Japan Association for Medical Informatics

[2-F-2-01] 臨中ネットにおけるリアルワールドデータ利活用のための基盤構築の取組み

*Takanori Yamashita1, Satoshi Yamashita2, Ryo Takemura3, Satomi Nagashima4, Akemi Morohashi2, Naoki Nakamura5, Michinori Aoe6, Hideo Gobara6, Kazuhiko Ohe4 (1. Kyushu University, 2. Nagoya University, 3. Keio University, 4. The University of Tokyo, 5. Tohoku University, 6. Okayama University)
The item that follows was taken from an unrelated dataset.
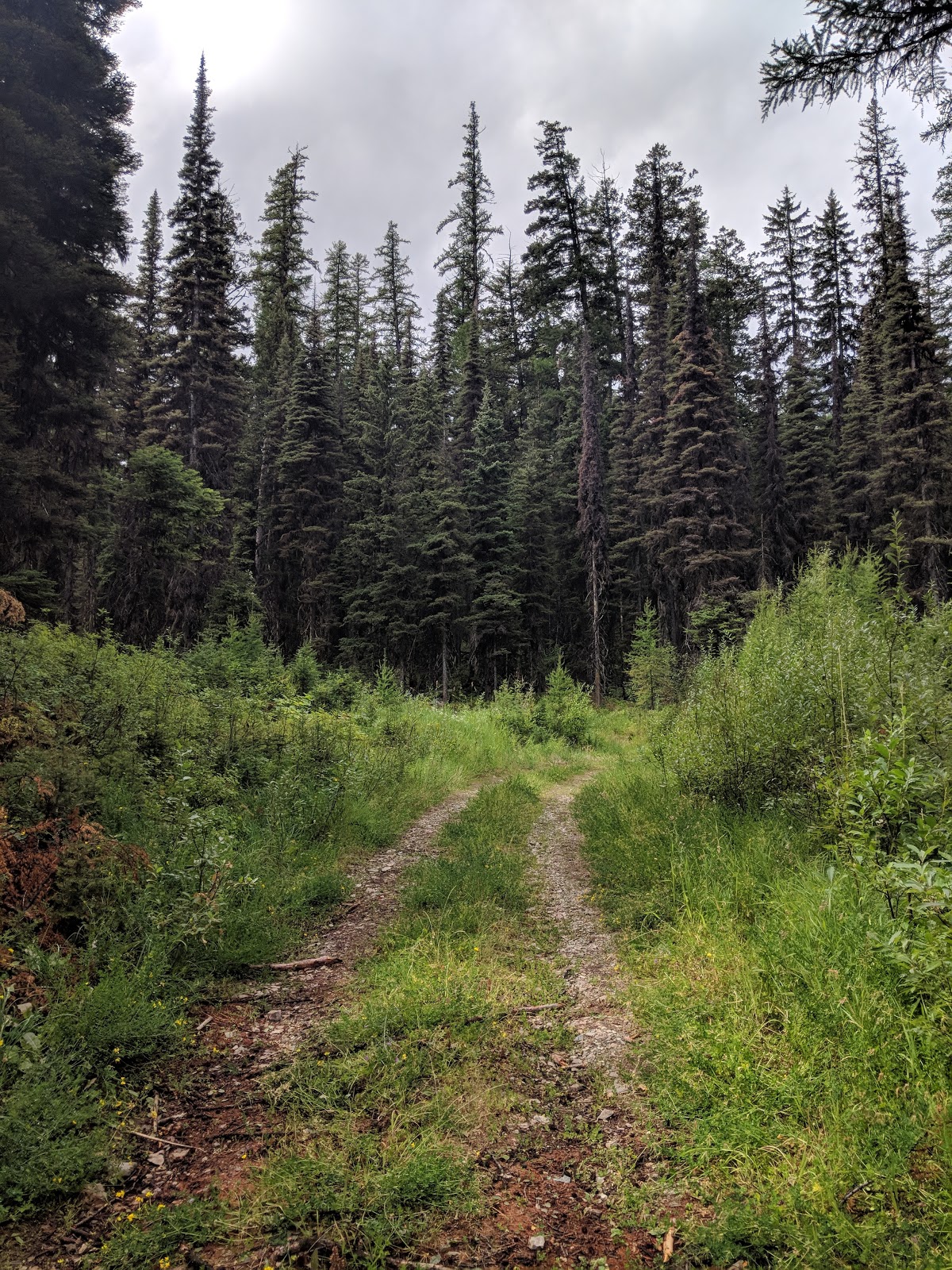 A crappy cold front moved thru and it rained for hours with a little snow mixed in. During the breaks in weather I would get out and do some hikes on the narrow double track that winds thru the Flathead National Forest.

Real-World Data (RWD), SS-MIX2, Data quality management, Data validation

日々の診療で電子カルテに蓄積されるデータはリアルワールドデータ(以下、RWD)と呼ばれ、世界的に利活用が進められており、国家レベルでその技術獲得が推進されている。RWDは診療の重要情報を保持しているものの、生データの状態でのデータ解析は困難であり、RWD活用の成否はデータの品質が大きく影響する。さらに複数施設による統合解析のためには、データの品質課題を検証し、解決する必要がある。
臨中ネットでは、様々な臨床研究課題に対応できるデータ品質の高いRWD基盤整備のためにデータ蓄積からデータセット生成、その利活用を範囲として「データ項目の標準コード対応、データベースが保持する値の正確性、意味的な情報の保存性の検証、共通データベースの構築」の項目について各SWGで活動を進めている。
データの正確性と保存性の検証の取り組みとしては、電子カルテ〜SS-MIX2(またはDWH)間の品質管理のためにチェックリストとデータバリデーションツールを開発し、手順を整理した。チェックリストは、電子カルテデータとSS-MIX2データの整合性確認のために、各データ項目の一致件数や一致率を記録できる。ツールは、チェックリスト対象のデータを突合検証するためであり、その結果をチェックリストに反映できる。そして、品質保証確保のために品質管理作業の実施手順を定めたバリデーション手順書を作成した。令和2年度には、これらを用いて3施設でのデータ品質管理の作業を実施した。抽出された課題の対応とその評価のために2クール実施し、各施設とも第2クールで改善が見られた。一方、一定のデータ評価後の品質のレベル設定は現時点では定まっていない状況であり、品質管理指標や品質管理モデルについて議論している。シンポジウムでは、臨中ネットRWD基盤整備の状況を俯瞰的に報告し、臨中ネットデータ品質管理の内容について共有する。